MRV tem lucro 23,4% menor no 2º tri

Ao final de junho, a MRV tinha saldo de provisão para manutenção de imóveis de 176,4 milhões de reais

São Paulo – A MRV Engenharia fechou o segundo trimestre com lucro líquido de 145 milhões de reais, queda de 23,4 por cento sobre o ganho obtido um ano antes, ainda refletindo efeitos do começo do ano, conforme dados divulgados nesta segunda-feira.

O resultado também ficou abaixo da previsão média de seis analistas em pesquisa da Reuters, que apontava lucro de 161,2 milhões de reais para a empresa no período.

Já a geração de caixa medida pelo Ebitda (lucro antes de juros, impostos, depreciação e amortização) somou 212 milhões de reais entre abril e junho, 17 por cento menor na relação anual, com a margem caindo de 25,9 para 19,4 por cento.

“Uma série de impactos afetaram negativamente o resultado do primeiro trimestre e ainda tivemos o restante desses impactos, mas isso já está melhorando”, disse à Reuters o vice-presidente financeiro da MRV, Leonardo Corrêa.

Entre os ingredientes que pressionaram a última linha do balanço o executivo citou, como os custos do Termo de Ajustamento de Conduta (TAC) assinado entre a empresa e a Prefeitura de Campinas, em janeiro, e o “contínuo esforço na qualidade de entrega”, acrescentou.

Em termos de qualidade, a construtora e incorporadora continuou a constituir provisões no trimestre passado.


Ao final de junho, a MRV tinha saldo de provisão para manutenção de imóveis de 176,4 milhões de reais, equivalente ao período de garantia para eventuais problemas identificados em imóveis entregues, e outros 10,9 milhões de reais em provisões cíveis e trabalhistas.

O resultado também refletiu um aumento nas linhas de despesas. As despesas gerais e administrativas subiram 22 por cento nos três meses até junho, a 57 milhões de reais.

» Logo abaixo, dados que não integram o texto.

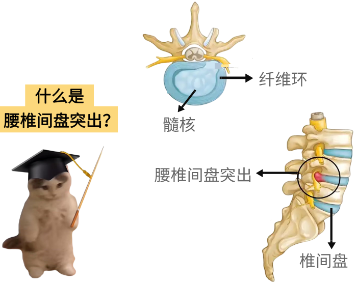 当腰椎间盘向后外侧突出,压迫到从脊髓末端穿出的马尾神经(马尾神经负责掌管人类腰部以下大量敏感神经),人会感觉腿痛腿麻、屁股痛。严重的情况下,还会尿不出来、硬不起来!
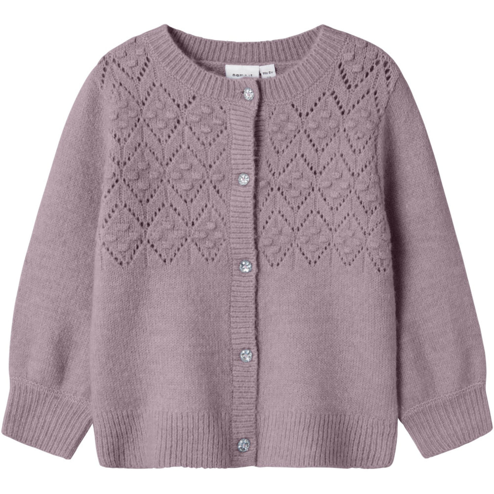 Introduce your little one to the elegance of our Name It Elderberry Batrille Knit Cardigan. Crafted from soft pointelle knit with a delicate geometric pattern, this cardigan features long sleeves, ribbed cuffs, and a classic round neck. It closes with buttons and is designed for a comfortable regular fit, making it ideal for both everyday wear and special occasions. Stylish and practical, this piece promises to be a cozy addition to your child's wardrobe.

As despesas comerciais, enquanto isso, somaram 72 milhões de reais, alta de 43 por cento ano a ano, decorrente do maior número de plantões de vendas, corretores próprios e investimentos em publicidade.

Do lado positivo, Corrêa assinalou a conclusão de um “ciclo importante para a companhia”, após anos de investimentos em suas operações.

O consumo de caixa no segundo trimestre no segmento residencial foi de 1,8 milhão de reais. A média de consumo de caixa trimestral em 2011 foi de 147 milhões de reais.

A MRV já havia divulgado lançamentos de 1,067 bilhão de reais de abril a junho, alta de 42 por cento ante o mesmo período de 2011.

As vendas contratadas somaram 943 milhões de reais, queda anual de 2,7 por cento, mas alta de 15,6 por cento sobre o primeiro trimestre.

A empresa cumpriu até junho cerca de 35 por cento do ponto médio da estimativa para o fechado de 2012, de vendas entre 4,5 bilhões e 5,5 bilhões de reais.


Com isso, a MRV viu sua receita líquida crescer 10,4 por cento no segundo trimestre, para 1,091 bilhão de reais.

Ministério do Trabalho – A divulgação dos números da MRV ocorre cerca de duas semanas após a empresa ter dois projetos incluídos na lista do Ministério do Trabalho que reúne empregadores que tenham submetido funcionários a condições análogas às de escravo.

Segundo dados do Ministério, fiscalizações realizadas em março e abril de 2011 resultaram em 68 trabalhadores resgatados em condições análogas a escravidão, o que levou a MRV a pagar multa rescisória de aproximadamente 230 mil reais.

O movimento levou a Caixa Econômica Federal, signatária do Pacto Nacional pela Erradicação do Trabalho Escravo no Brasil, a suspender a concessão de novos financiamentos à MRV.

A MRV é uma das principais parceiras da Caixa e a maior repassadora de recursos do programa “Minha Casa, Minha Vida”, do governo federal.

Nesta segunda-feira, Corrêa não quis dar detalhes sobre o andamento do processo, mas afirmou estar “confiante de que haverá solução para esse tema o mais rápido possível”. “É uma situação temporária”, acrescentou.

Ainda nesta segunda-feira, o Ministério Público do Trabalho de Campinas (SP) informou que a MRV entrou com pedido de mandado de segurança, com pedido de liminar, para retirar seu nome da lista. O pedido, segundo o Ministério, foi negado pelo juiz do Trabalho daquela região.

“Os valores, princípios e missão da MRV são incompatíveis com práticas irregulares trabalhistas às quais se refere o Cadastro de Empregadores. A companhia está tomando as medidas legais cabíveis visando à exclusão dos referidos apontamentos no Cadastro”, reiterou a empresa no balanço.